British-Irish filmmaker

John Michael McDonagh (born 1967) is a British-Irish filmmaker. He wrote and directed The Guard (2011) and Calvary (2014), with the former earning him a nomination for the BAFTA Award for Best Original Screenplay.

== Early life ==
John Michael McDonagh was born to Irish parents in the Camberwell area of London in 1967. His mother was a part-time housekeeper from Killeenduff, while his father was a construction worker from Lettermullen. He holds both British and Irish citizenship, referring to himself as "London Irish" because he does not "feel particularly British [or] particularly Irish". His younger brother Martin is a playwright and filmmaker. He and his brother were raised in Camberwell while spending summers in Killeenduff. They both dropped out of secondary school and were unemployed. When he was 26 years old, his parents moved back to Lettermullen, which allowed him to regularly travel to nearby Galway.

== Career ==
McDonagh initially pursued a career as a novelist but decided to try screenwriting after his first five books, which he later described as "really bad", were rejected by publishers. He made his first foray by writing and directing the short film The Second Death (2000), on which his brother served as an executive producer. McDonagh adapted Robert Drewe's novel Our Sunshine (1991) into the screenplay for the film Ned Kelly (2003). Directed by Gregor Jordan, the film received mixed reviews and was not the resulting film McDonagh had hoped to see; he later revealed that he did not get along with Jordan, whom he called "a pretty humourless man".

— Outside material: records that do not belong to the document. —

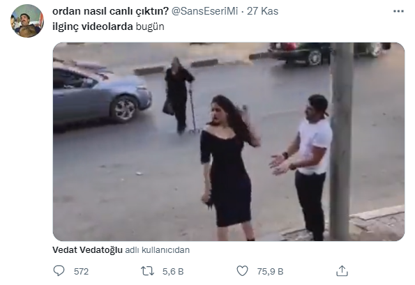 Birkaç haftadır sosyal medyanın gündeminde yer Twitter’da @SansEseriMİ adlı hesabın paylaştığı, on birlerce beğeni alan bir video şaşkınlık uyandırıyor. Videoda, yol kenarında bir kadın ve erkek kavga ederken o esnada yolda yürüyen yaşlı bir kadının elinden meyve dolu poşetin düşmesiyle, hayret verici olaylar gelişiyor. Yoğun ilgi gören bu video hakkında kimi sosyal medya kullanıcıları, yaşananların mucize olduğunu düşünerek kavga eden çifti duyarsızlıkla suçluyor. Fakat videoya şüphe ile yaklaşanlar da var. Tüm detayları ile söz konusu videoyu araştırdık. Peki videoda yaşananlar gerçek olabilir mi?
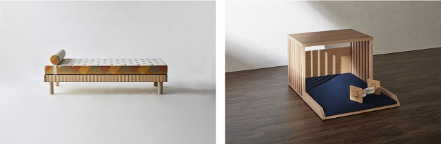 第1弾では、ウォールナットの同形状のパーツを積み重ねることで意匠性をもたせたテーブル「YUI-01」や、無垢材とレザーを組み合わせたソファなどを提供。「cazari meets asakusa」シリーズでは、浅草周辺のさまざまな伝統産業を家具に取り入れ、日本文化や伝統産業の魅力を発信する。同シリーズのカウチソファ「EN-01」では、使われなくなった着物の帯をデザインに取り入れている。
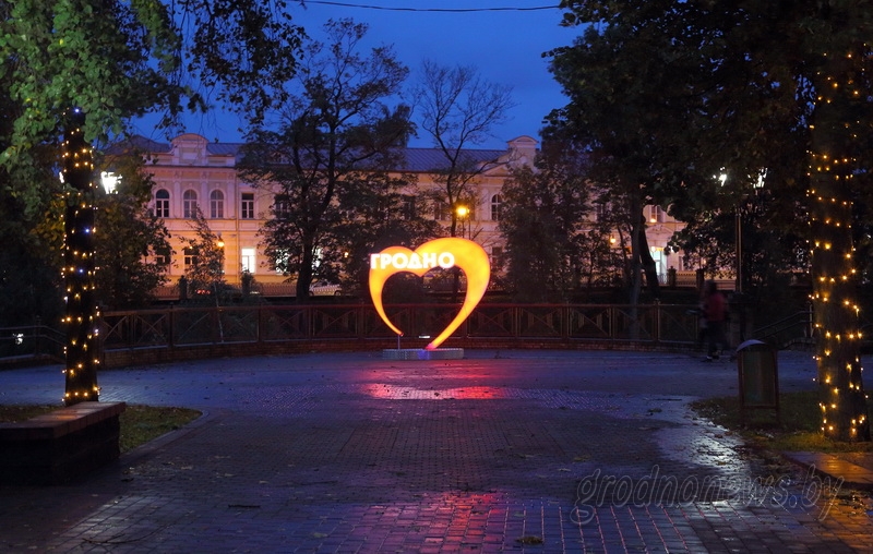 В прошлом году к 889-летию Гродно в парке Жилибера появилось огромное сердце и надпись о любви в адрес города. Изначально планировалось, что конструкция будет временной, но она так полюбилась гродненцам и гостям города и стала таким популярным фоном для фотографий, что теперь ландшафт парка и представить себе трудно без этой инсталляции, сообщает «Гродно Плюс».
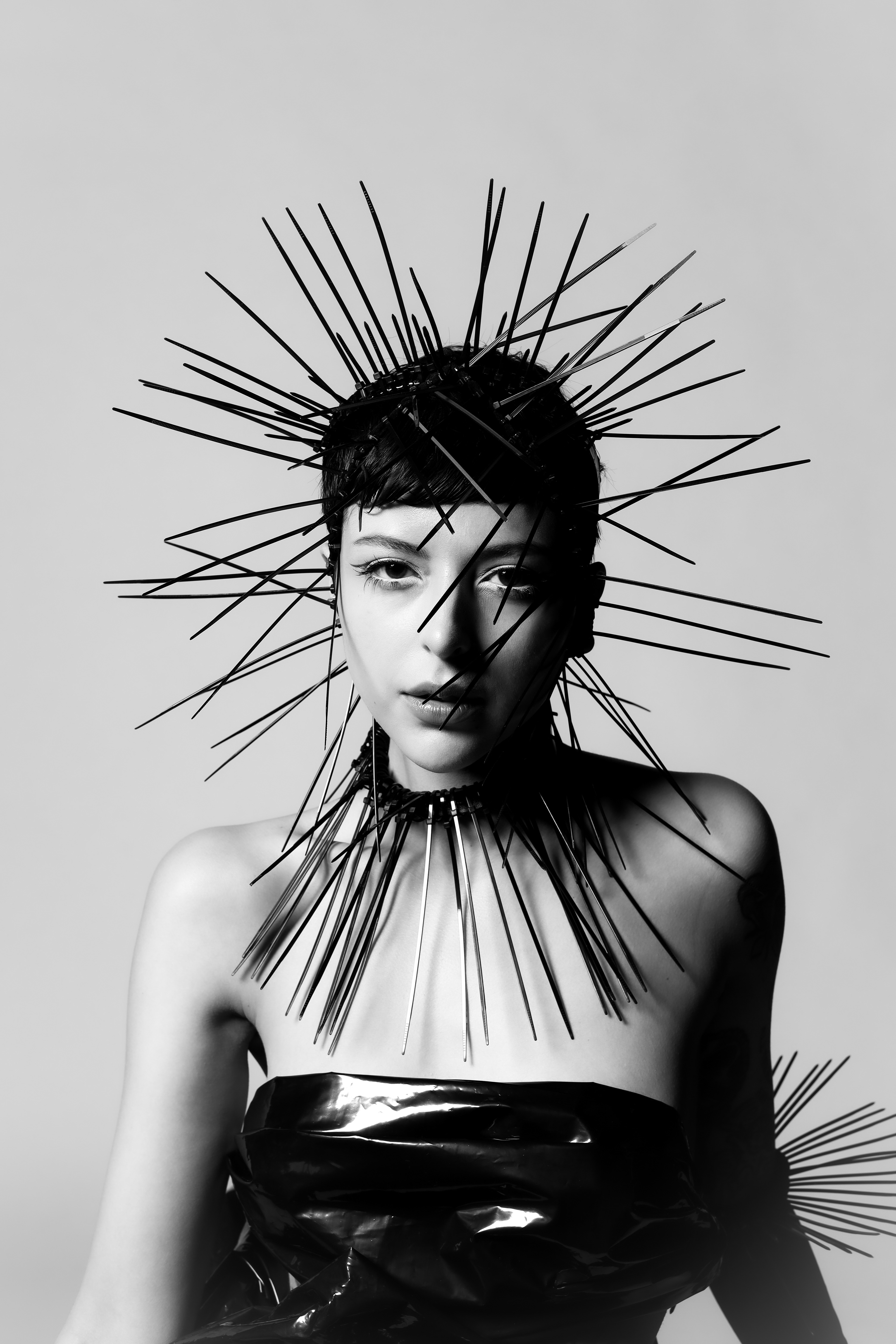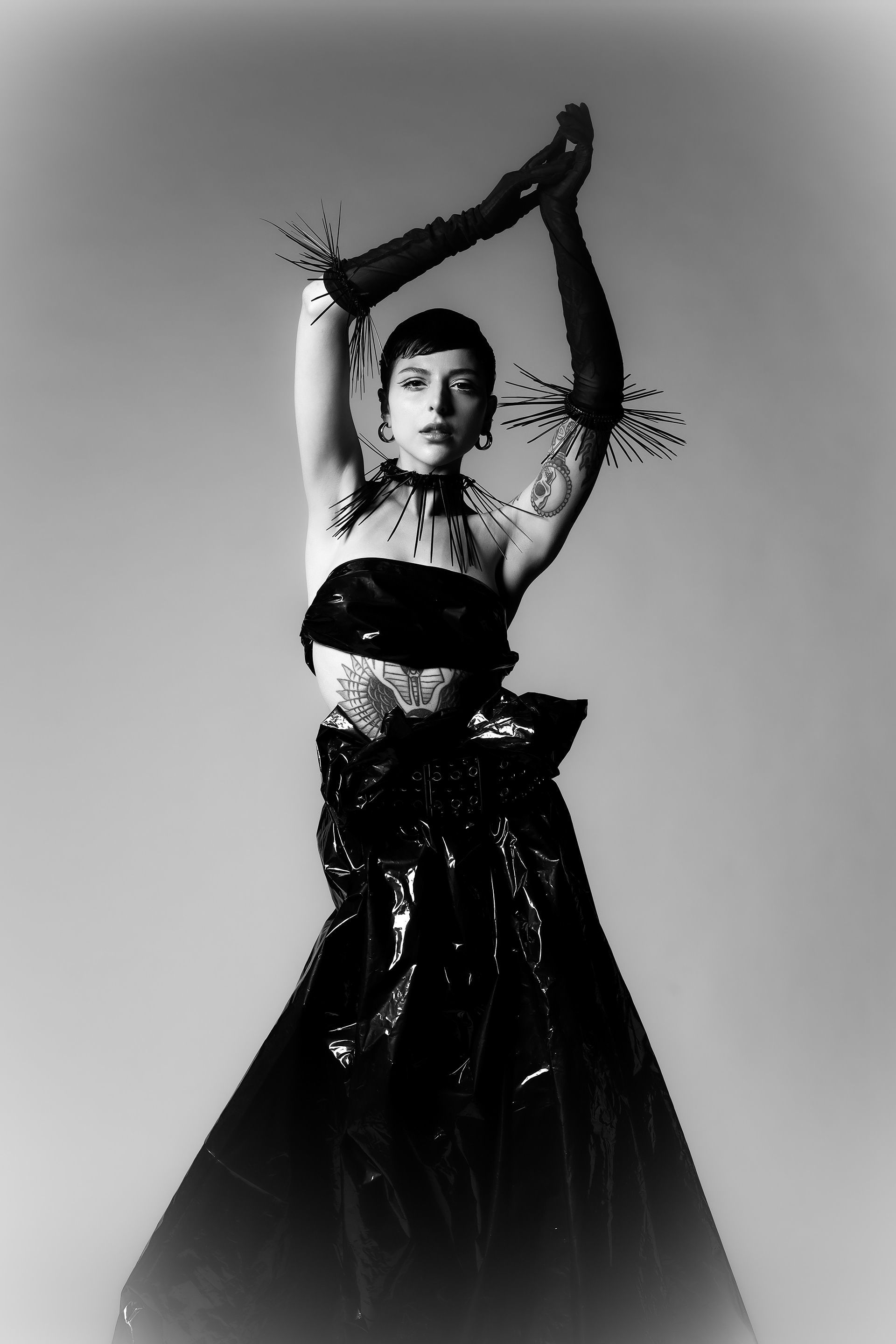 concept made out of plastic and trash. recycled "trash couture" as a critical way of seeing the excessive amount of waste in the fashion industry.

McDonagh had his breakthrough as a filmmaker when he wrote and directed The Guard (2011), making his feature-length directorial debut at the age of 44. The film received critical acclaim, becoming the most financially successful independent Irish film of all time. Among several honours, McDonagh was nominated for the BAFTA Award for Best Original Screenplay. His next film, Calvary (2014), received acclaim. His next two films, War on Everyone (2016) and The Forgiven (2021), received mixed reviews.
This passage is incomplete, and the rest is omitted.